Learning to Translate Noise for Robust Image Denoising
This addresses the problem of robust image denoising for real-world applications, representing a novel method for a known bottleneck rather than incremental.
The paper tackles poor generalization of deep learning-based image denoising to out-of-distribution real-world noise by proposing a noise translation framework that converts complex noise into Gaussian noise, then uses a pretrained denoiser, resulting in substantial robustness improvements and outperforming state-of-the-art methods across benchmarks.

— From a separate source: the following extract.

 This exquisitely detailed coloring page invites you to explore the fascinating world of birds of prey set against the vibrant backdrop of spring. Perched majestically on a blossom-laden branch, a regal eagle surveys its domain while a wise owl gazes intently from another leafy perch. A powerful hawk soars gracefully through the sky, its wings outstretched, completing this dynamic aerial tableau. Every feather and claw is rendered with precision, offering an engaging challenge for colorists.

Deep learning-based image denoising techniques often struggle with poor generalization performance to out-of-distribution real-world noise. To tackle this challenge, we propose a novel noise translation framework that performs denoising on an image with translated noise rather than directly denoising an original noisy image. Specifically, our approach translates complex, unknown real-world noise into Gaussian noise, which is spatially uncorrelated and independent of image content, through a noise translation network. The translated noisy images are then processed by an image denoising network pretrained to effectively remove Gaussian noise, enabling robust and consistent denoising performance. We also design well-motivated loss functions and architectures for the noise translation network by leveraging the mathematical properties of Gaussian noise. Experimental results demonstrate that the proposed method substantially improves robustness and generalizability, outperforming state-of-the-art methods across diverse benchmarks. Visualized denoising results and the source code are available on our project page.